Data to examine:

====

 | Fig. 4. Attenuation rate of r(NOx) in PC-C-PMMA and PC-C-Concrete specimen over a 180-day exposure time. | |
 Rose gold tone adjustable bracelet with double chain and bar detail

====

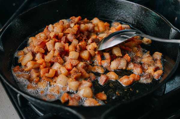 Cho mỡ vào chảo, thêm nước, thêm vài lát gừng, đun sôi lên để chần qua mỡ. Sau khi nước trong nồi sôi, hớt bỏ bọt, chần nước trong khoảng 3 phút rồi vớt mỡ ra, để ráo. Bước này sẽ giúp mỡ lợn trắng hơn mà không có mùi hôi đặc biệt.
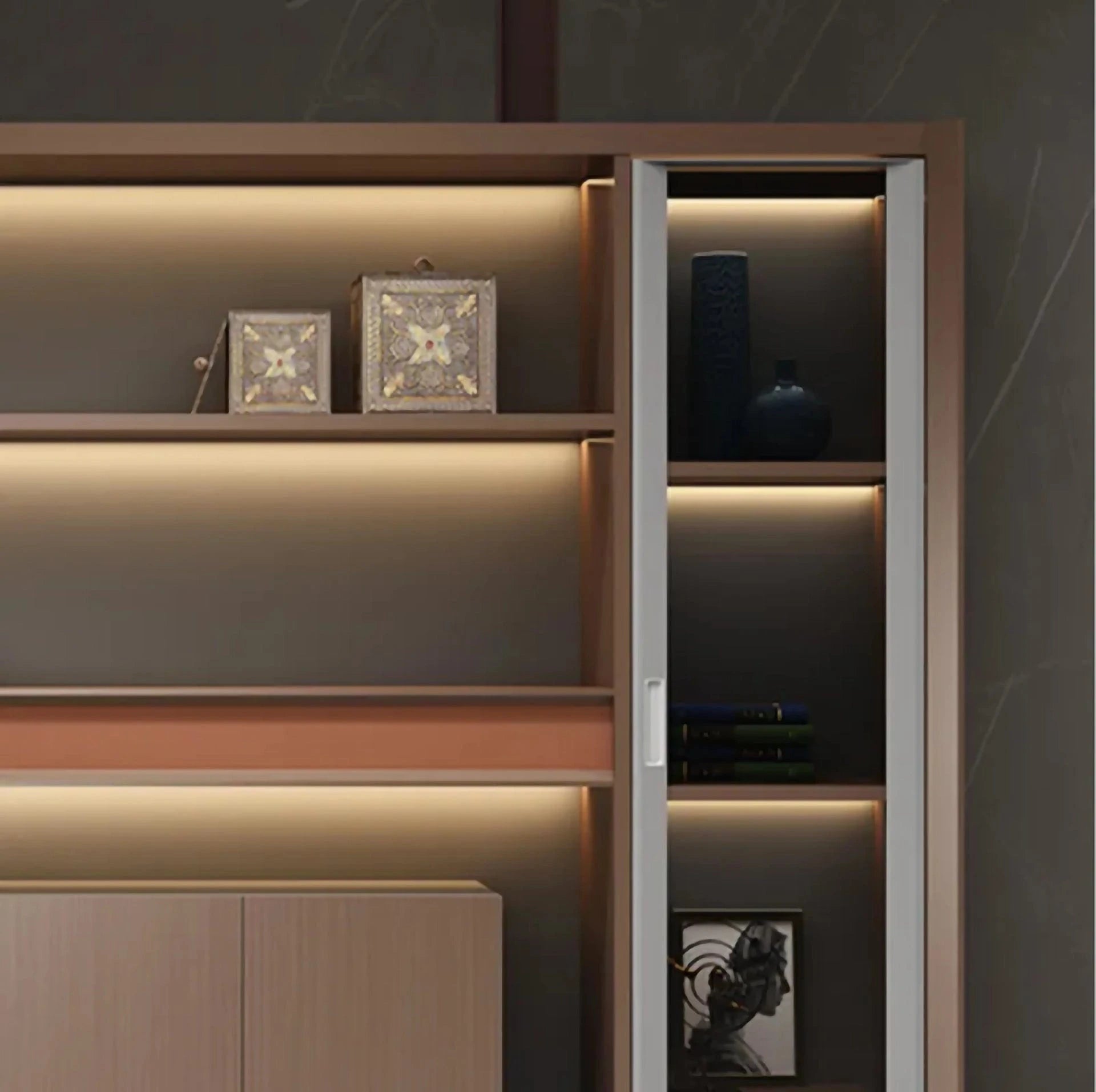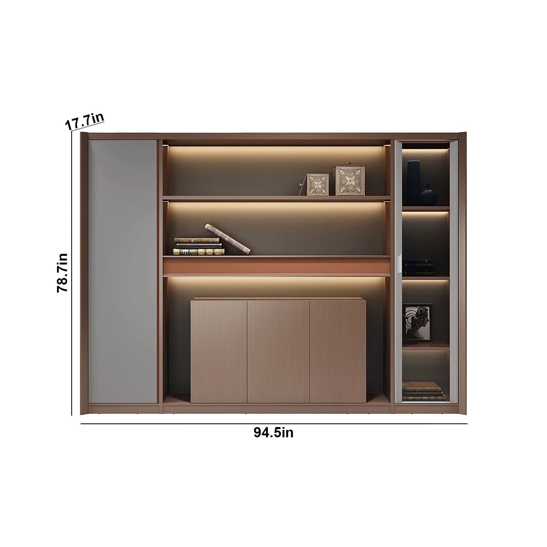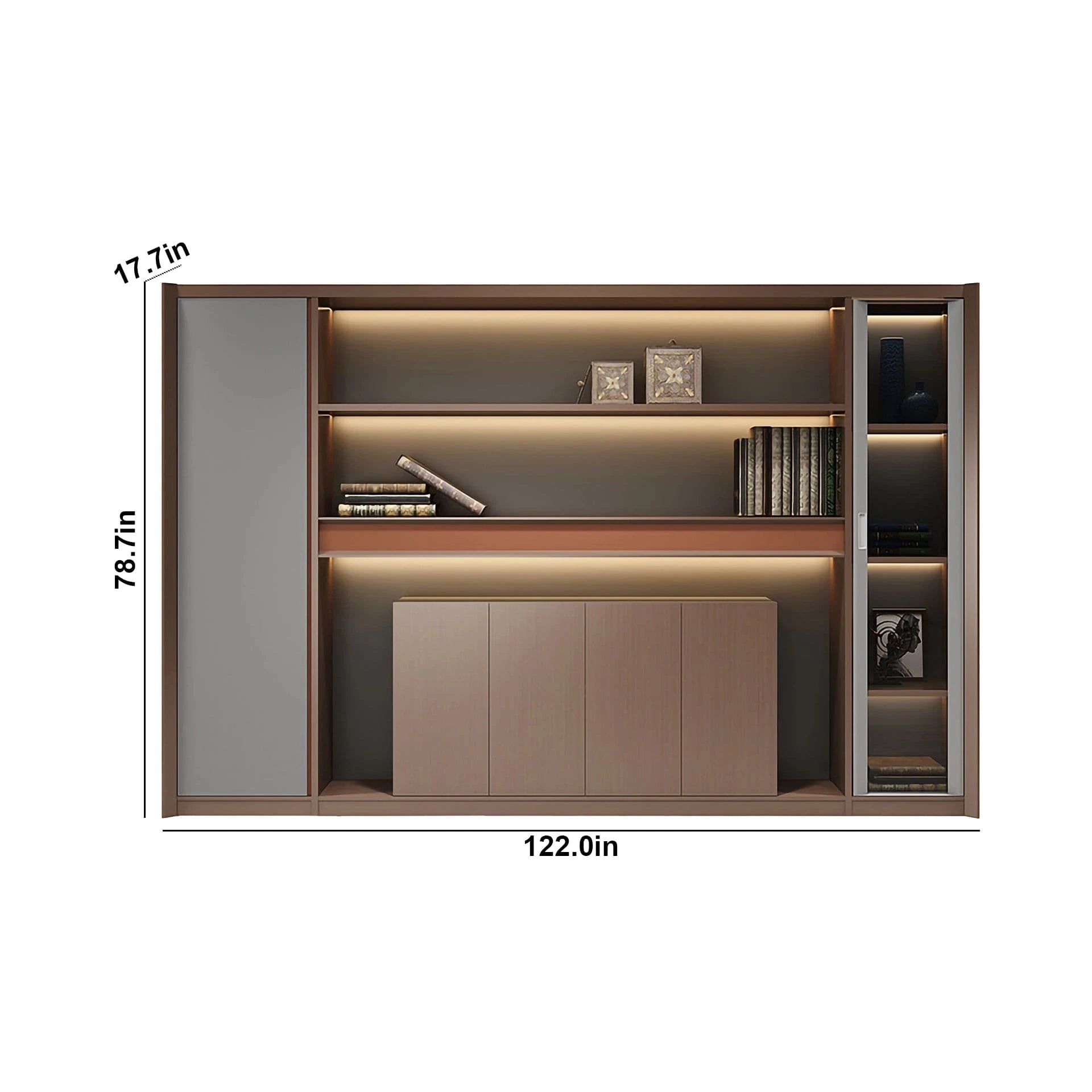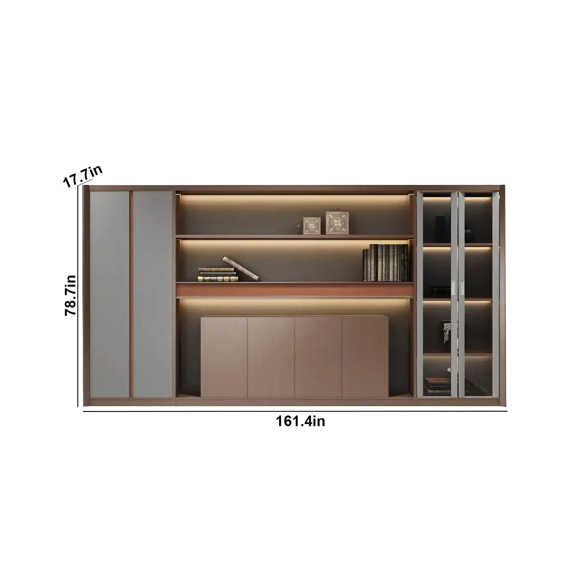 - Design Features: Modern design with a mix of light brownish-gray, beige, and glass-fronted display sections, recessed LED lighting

====

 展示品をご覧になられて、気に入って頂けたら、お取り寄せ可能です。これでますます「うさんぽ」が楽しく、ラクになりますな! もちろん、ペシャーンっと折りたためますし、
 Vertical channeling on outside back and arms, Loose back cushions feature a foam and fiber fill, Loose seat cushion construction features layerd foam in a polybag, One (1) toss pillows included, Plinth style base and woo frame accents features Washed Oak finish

====

What you should do: As listed above, the lines from the line with "exposure time. | |" to the line with "Rose gold tone" are to be echoed exactly, with both ends included and nothing added.

Result of this exercise:
 | Fig. 4. Attenuation rate of r(NOx) in PC-C-PMMA and PC-C-Concrete specimen over a 180-day exposure time. | |
 Rose gold tone adjustable bracelet with double chain and bar detail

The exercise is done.